--- TO DO ---
Write out the lines of the material below exactly, beginning at the line with "While the fish" and stopping after the line with "Alicia, Maureen, Sandra, and", and leave out the pictures.

[DATA SHOWN Boundary: Start]

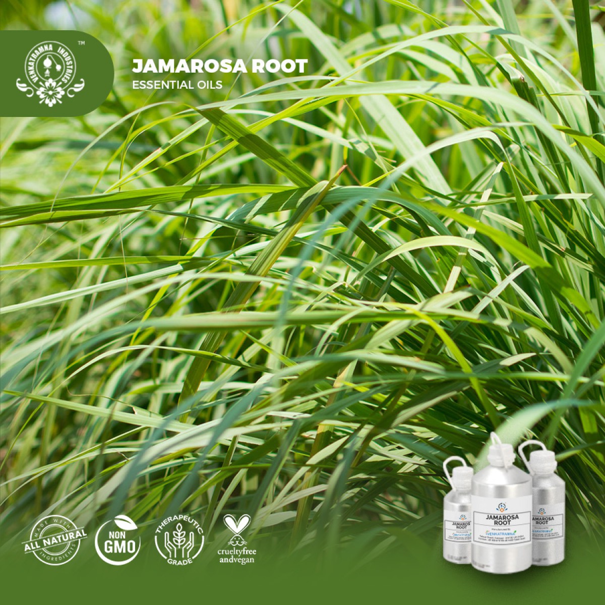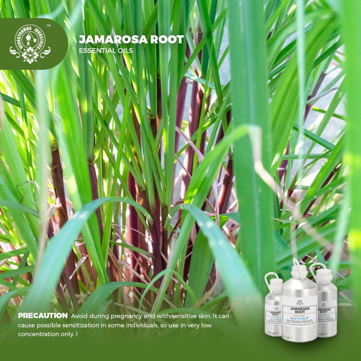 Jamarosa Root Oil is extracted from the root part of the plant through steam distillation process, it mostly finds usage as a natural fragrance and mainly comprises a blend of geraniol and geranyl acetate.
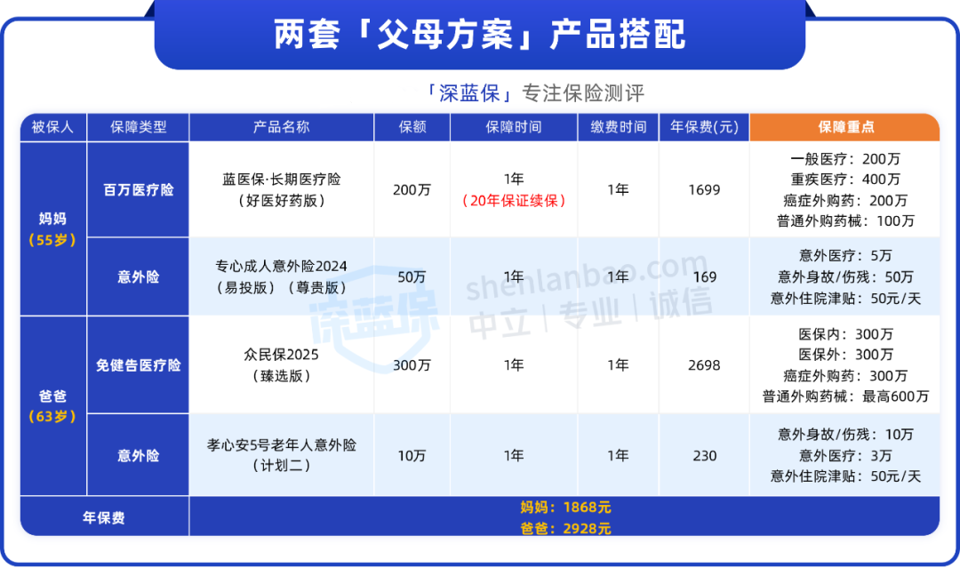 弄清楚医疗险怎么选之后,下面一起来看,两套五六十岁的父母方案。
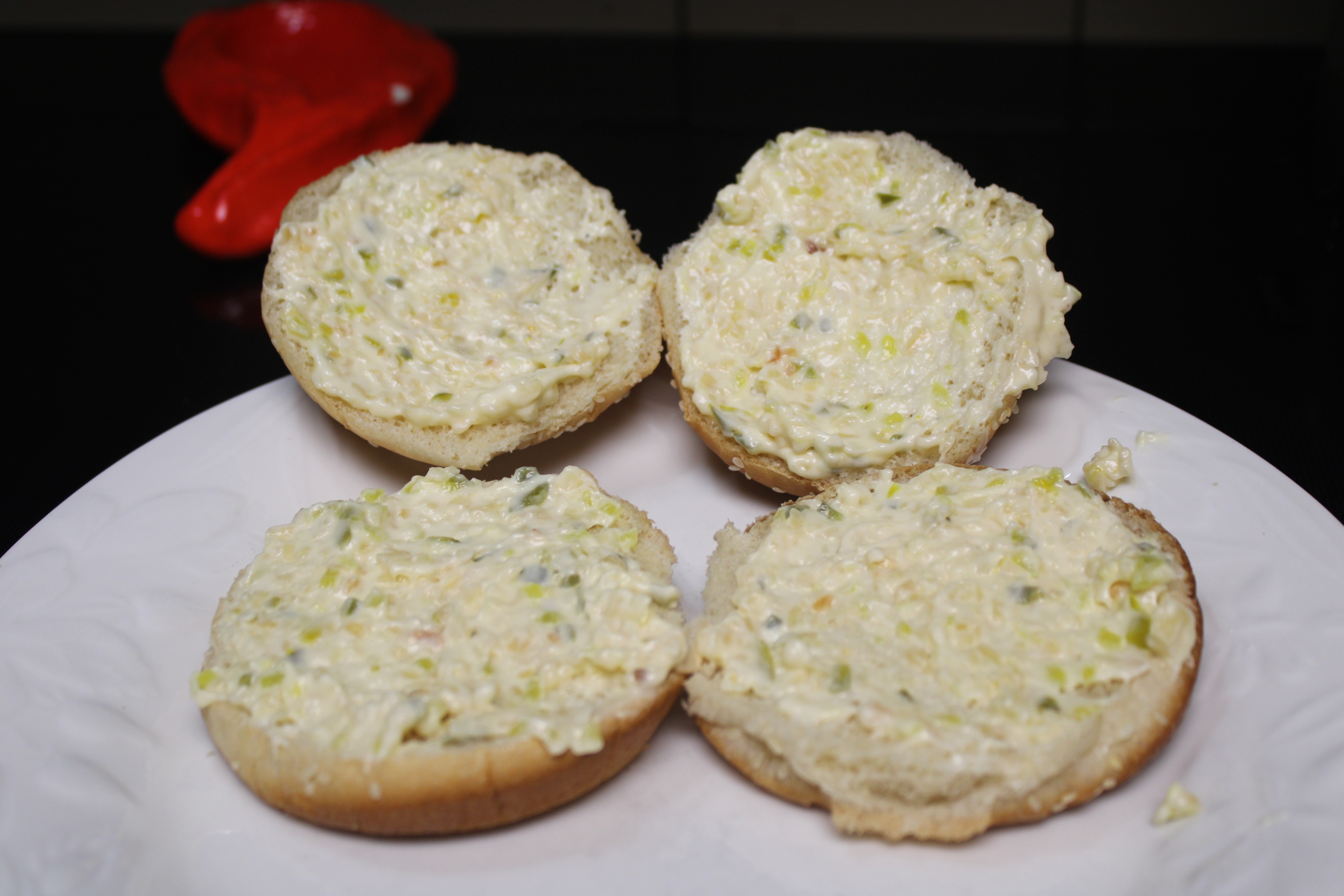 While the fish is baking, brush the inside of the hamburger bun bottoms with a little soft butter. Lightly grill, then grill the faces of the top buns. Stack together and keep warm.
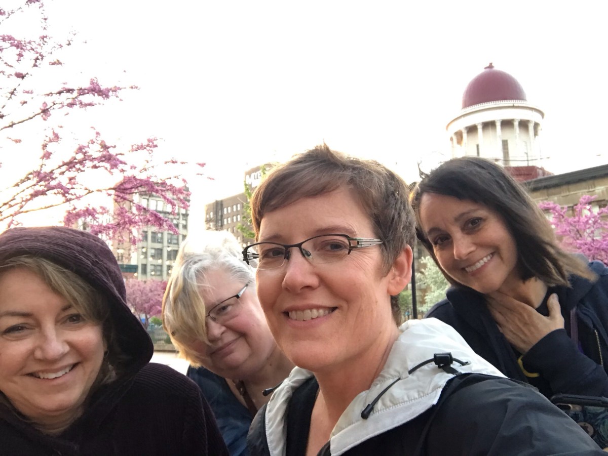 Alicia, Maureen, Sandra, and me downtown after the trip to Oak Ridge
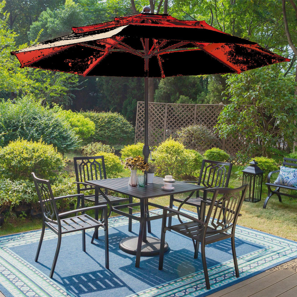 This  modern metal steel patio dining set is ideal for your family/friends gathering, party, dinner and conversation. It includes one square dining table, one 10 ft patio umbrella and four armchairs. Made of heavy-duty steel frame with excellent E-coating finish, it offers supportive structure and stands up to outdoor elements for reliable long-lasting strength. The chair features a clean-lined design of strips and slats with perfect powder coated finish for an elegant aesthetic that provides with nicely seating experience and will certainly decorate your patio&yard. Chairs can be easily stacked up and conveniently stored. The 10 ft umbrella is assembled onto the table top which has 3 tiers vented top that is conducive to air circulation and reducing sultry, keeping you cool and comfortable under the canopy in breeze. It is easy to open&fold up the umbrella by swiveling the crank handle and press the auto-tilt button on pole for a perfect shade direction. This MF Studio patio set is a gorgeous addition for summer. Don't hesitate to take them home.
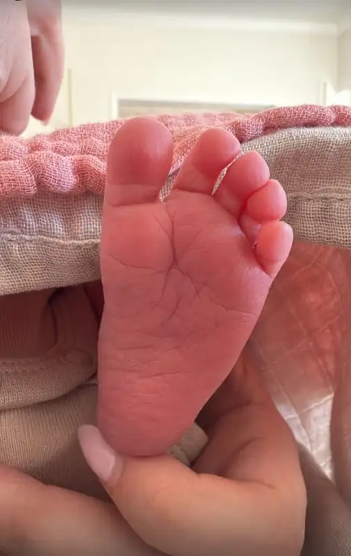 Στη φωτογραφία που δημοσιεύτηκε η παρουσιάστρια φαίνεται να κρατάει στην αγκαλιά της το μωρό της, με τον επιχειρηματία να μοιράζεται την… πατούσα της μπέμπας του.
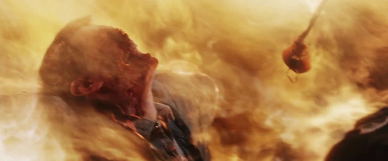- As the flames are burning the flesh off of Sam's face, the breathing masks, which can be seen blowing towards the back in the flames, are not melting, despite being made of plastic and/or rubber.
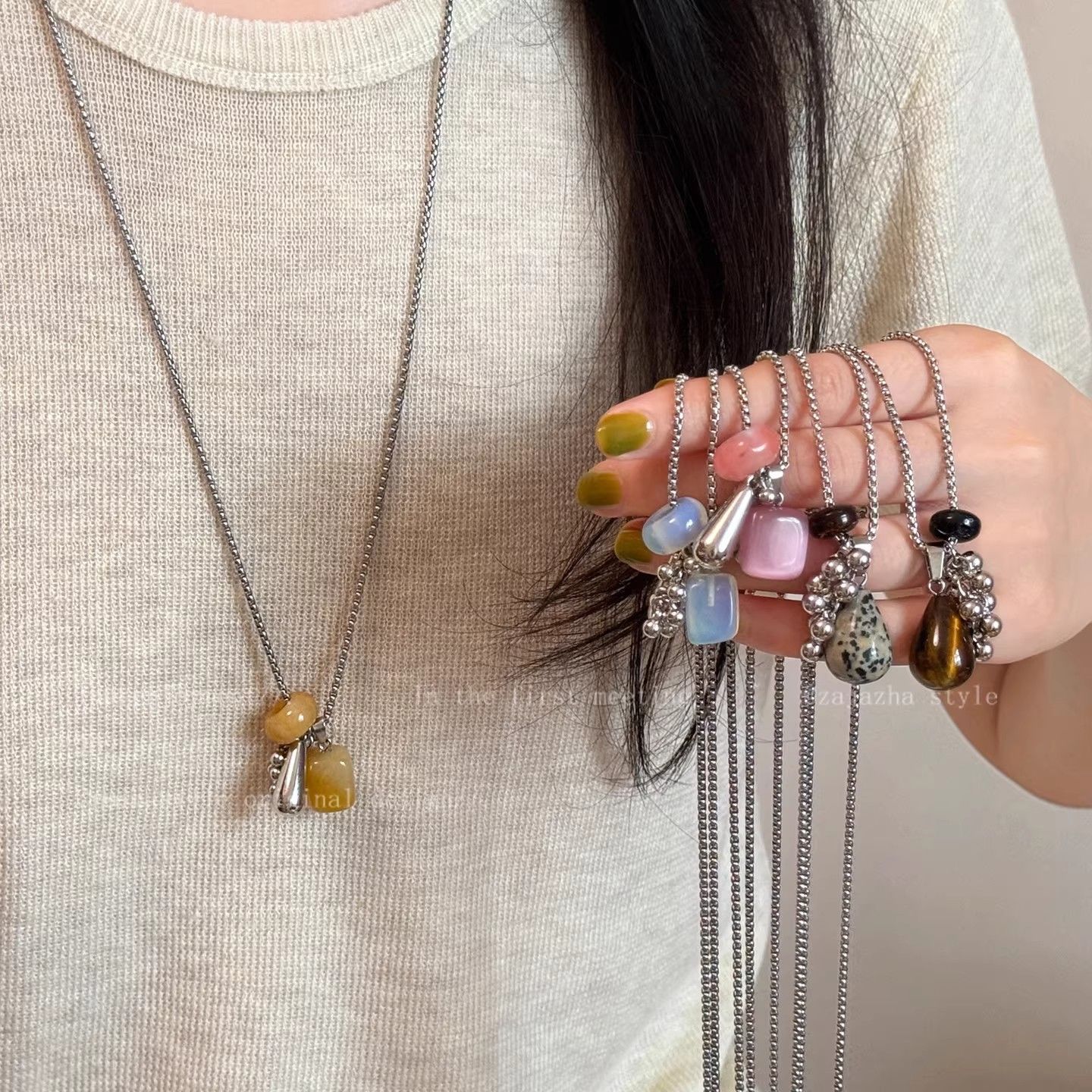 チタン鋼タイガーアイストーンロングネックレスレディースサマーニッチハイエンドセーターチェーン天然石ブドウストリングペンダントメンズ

[DATA SHOWN Boundary: End]
[DATA SHOWN Boundary: Start]

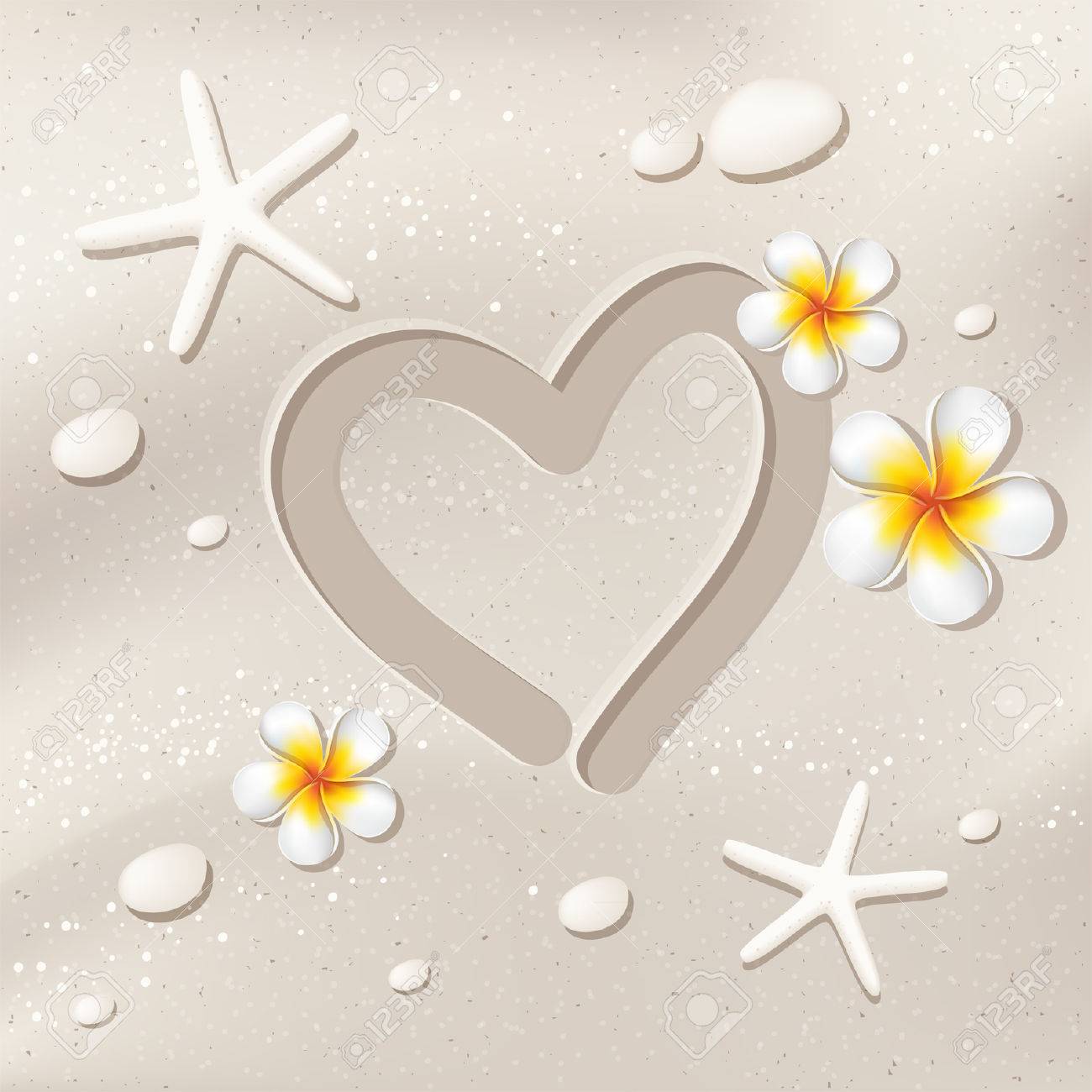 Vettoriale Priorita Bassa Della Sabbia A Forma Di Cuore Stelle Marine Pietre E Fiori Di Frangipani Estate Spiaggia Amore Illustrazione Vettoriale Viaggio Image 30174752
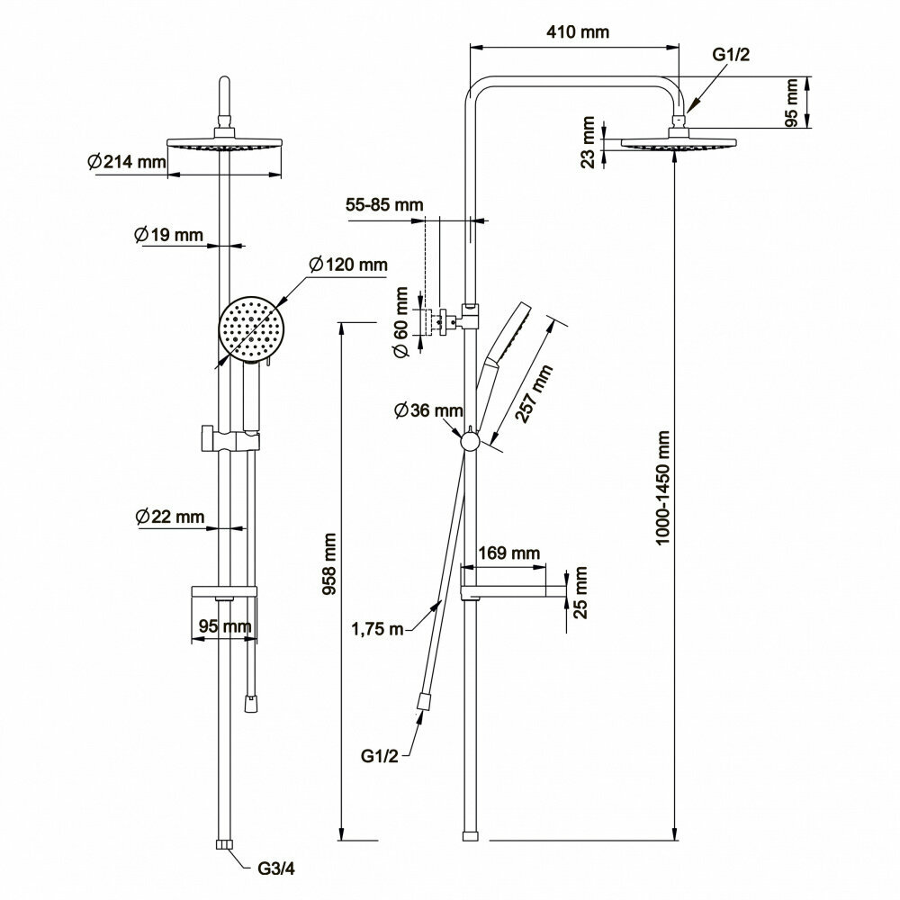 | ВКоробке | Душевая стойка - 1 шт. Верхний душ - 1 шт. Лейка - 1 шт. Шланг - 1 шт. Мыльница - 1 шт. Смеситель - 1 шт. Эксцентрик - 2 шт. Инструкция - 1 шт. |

[DATA SHOWN Boundary: End]

--- OUTPUT BELOW ---
 While the fish is baking, brush the inside of the hamburger bun bottoms with a little soft butter. Lightly grill, then grill the faces of the top buns. Stack together and keep warm.
 Alicia, Maureen, Sandra, and me downtown after the trip to Oak Ridge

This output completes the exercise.